Les erreurs fréquentes
- Espérer un isolement. Il n'y en a aucun, par construction. Ce n'est pas un défaut, c'est le principe.
- Monter le volume pour couvrir le bruit de la rue. Cela crée surtout une vibration désagréable sur la joue, sans améliorer la clarté. Les seuils d'exposition sont rappelés dans volume et sécurité auditive.
- Croire que le format protège l'audition. L'énergie reçue par la cochlée reste de l'énergie sonore. L'avantage est indirect : on monte moins le volume parce qu'on n'a rien à couvrir.

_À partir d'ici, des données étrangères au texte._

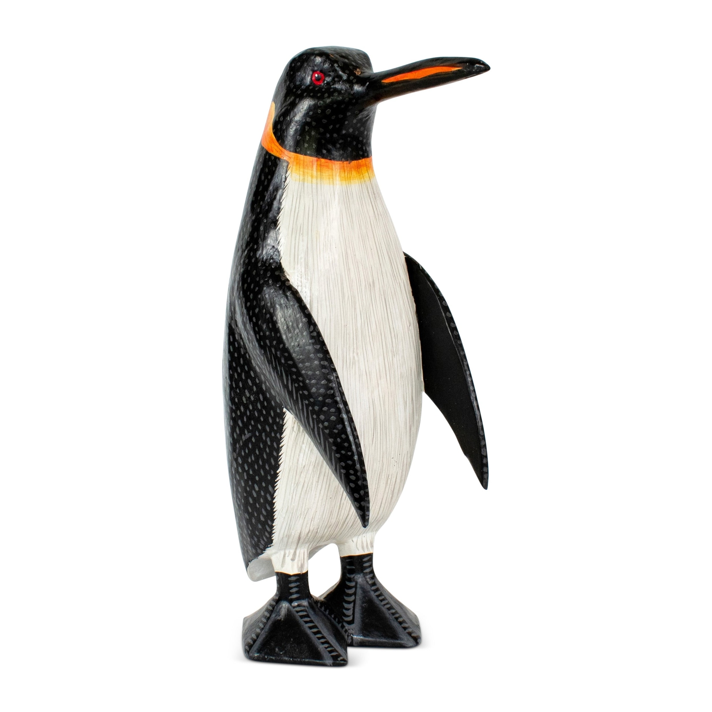 Wood Penguin Figurine Hand Carved Arctic Animal Statue, Winter Shelf Decor
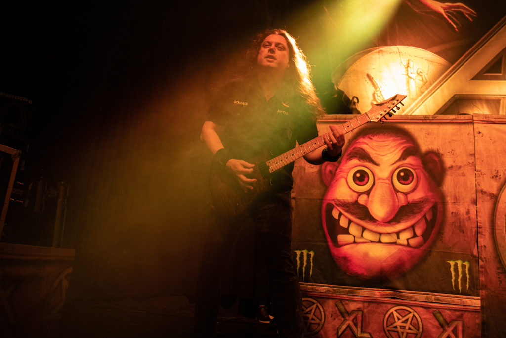 Then the curtain drops and there they are in the flesh, hammering their way through Among the Living. Bassist Frank Bello is bouncing around like a teenager, making full use of the posing podiums, powerhouse drummer Charlie Benante is in total command of his huge kit, and there’s no let-up from rabble-rousing vocalist Joey Belladonna – even though he still seems like a classic rock guy fronting a thrash metal band – while newest recruit lead guitarist Jonathan Donais tends to avoid the spotlight. Scott Ian, meanwhile, remains a focal point, churning out riff after riff on a succession of flying Vs (just how many does he have?).
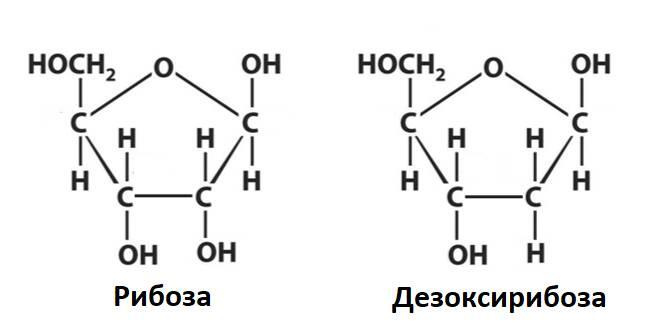 Пентоза это пятиуглеродный моносахарид. В случае РНК это будет рибоза (оттуда и название РНК рибонуклеиновая кислота), в случае ДНК это будет дезоксирибоза (оттуда и название ДНК дезоксирибонуклеиновая кислота). Знать их формулы не нужно, но названия выучить придется.
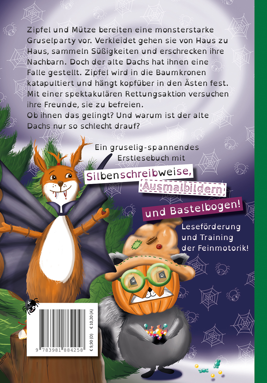 Zipfel und Mütze bereiten eine monsterstarke Gruselparty vor.Verkleidet gehen sie von Haus zu Haus, sammeln Süßigkeiten und erschrecken ihre Nachbarn. Doch der alte Dachs hat ihnen eine Falle gestellt. Zipfel wird in die Baumkronen katapultiert und hängt kopfüber in den Ästen fest. Mit einer spektakulären Rettungsaktion versuchen ihre Freunde, sie zu befreien. Ob ihnen das gelingt? Und warum ist der alte Dachs nur so schlecht drauf?Ein spannendes Erstlesebuch in Silbenschreibweise, mit Bastelbogen und Ausmalbildern.Leseförderung und Training der Feinmotorik
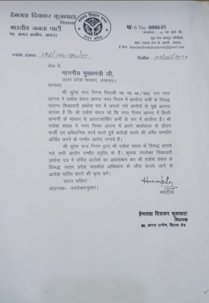 आगरा। मेयर हेमलता दिवाकर कुशवाहा ने राकेश बंसल को अपना ओएसडी नियुक्त किया है। इस बात को लेकर घमासान मचा हुआ है। बताया जा रहा है कि जब वह विधायक थी तो उन्होंने भी शासन में राकेश बंसल की भ्रष्टाचार की शिकायत की थी। यह पत्र भी शुक्रवार को वायरल हो गया है। इधर नगर निगम के बजट सत्र में विपक्षी नेताओं ने जमकर हंगामा किया और मेयर को घेरा।
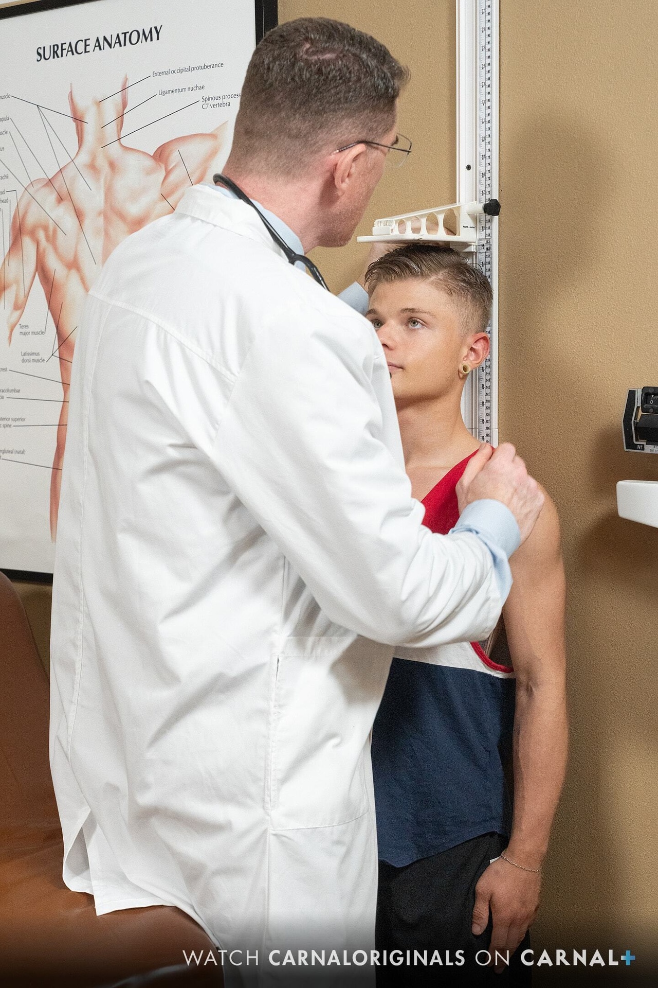 Dr. Wolf blows his mind when he pulls out the ultrasound and shows Troy what his ass looks like with a dick inside of it. Pretty soon, though, Dr. Wolf is through playing around. He’s balls deep in a hot little twink jock, and he’s going to enjoy it. He rolls the boy over on his knees and starts giving him a long, hard ride. Like most men, he wants to look his bottom in the eye when he breeds him, though. Troy is on his back again, The doctor says, “I’m going to come in you,” with that, the doctor revs up to third gear for a serious all out pounding. His hole gaping open and seed dripping down his crack, Troy is truly fucked out! Will he do it again? Probably.
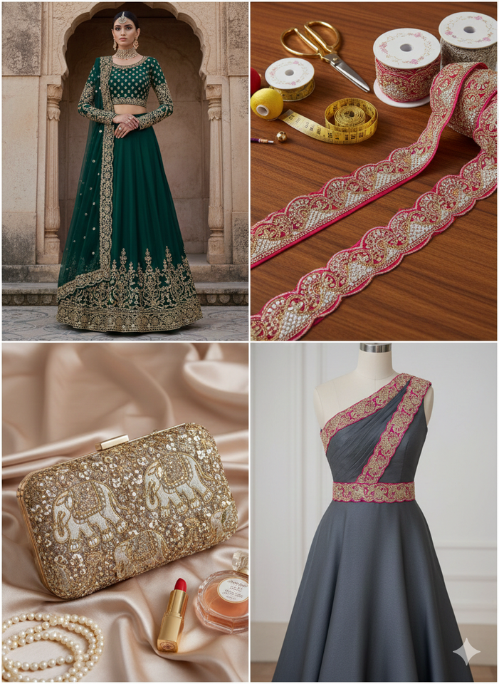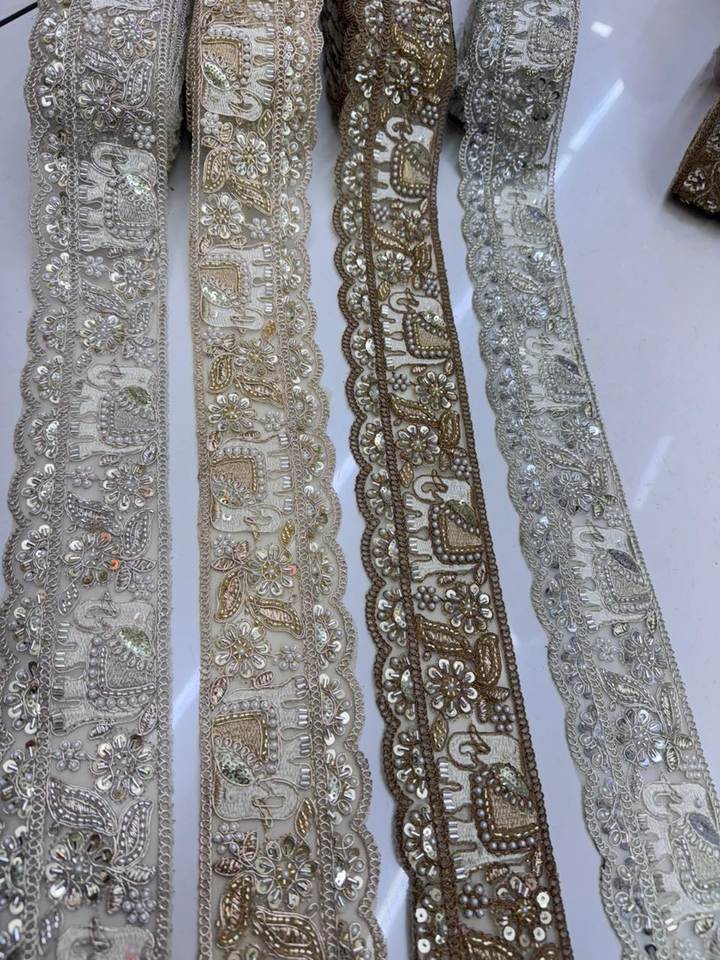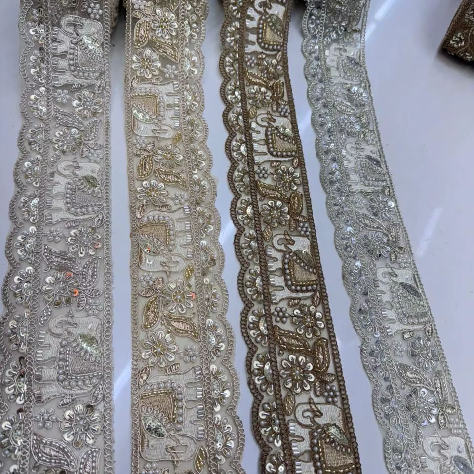 Luxury Eco-Friendly Artisanal Scalloped Lace Trim with Ornate Elephant & Floral Embroidery 2 Inch 9 Meter Romantic Fancy
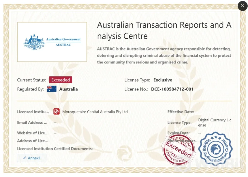 持有許可證的實體 Bitcoinwin其運營機構為“mousquetaire Capital Australia Pty Ltd”。

- Acheter un modèle sans mémoire interne pour nager. Le Bluetooth ne traverse pas l'eau. La liaison se coupe au premier plongeon.
- Porter l'arceau sous une casquette rigide. La pression change et le contact osseux se dégrade, ce qui fait chuter le niveau perçu.
Questions fréquentes
La conduction osseuse protège-t-elle vraiment l audition ?
Pas en elle-même. Le son atteint la cochlée par un autre chemin, mais l'énergie reçue reste de l'énergie sonore. L'avantage réel est indirect : comme on entend l'environnement, on monte moins le volume pour couvrir le bruit ambiant. Les seuils d'exposition restent identiques.
Entend-on les graves avec ce type d écouteurs ?
Peu. Sans volume d'air scellé dans le conduit, le grave se traduit surtout par une vibration perceptible sur la pommette. Les modèles récents ont progressé en ajoutant un petit haut-parleur aérien, mais aucun ne rivalise avec un intra correctement embouti sur le bas du spectre.
Les voisins entendent-ils ma musique ?
Oui, au-delà de la moitié du volume. Le transducteur fait aussi vibrer l'air, ce qui produit une fuite audible à un mètre dans une pièce calme. En bureau partagé, c'est un vrai problème. En extérieur, le bruit ambiant masque le phénomène.
Peut-on nager avec des écouteurs à conduction osseuse ?
Seulement avec un modèle prévu pour, doté d'une mémoire interne et d'un indice IP68. Le Bluetooth ne traverse pas l'eau au-delà de quelques centimètres : sans lecteur intégré, la liaison avec le téléphone se coupe dès l'immersion.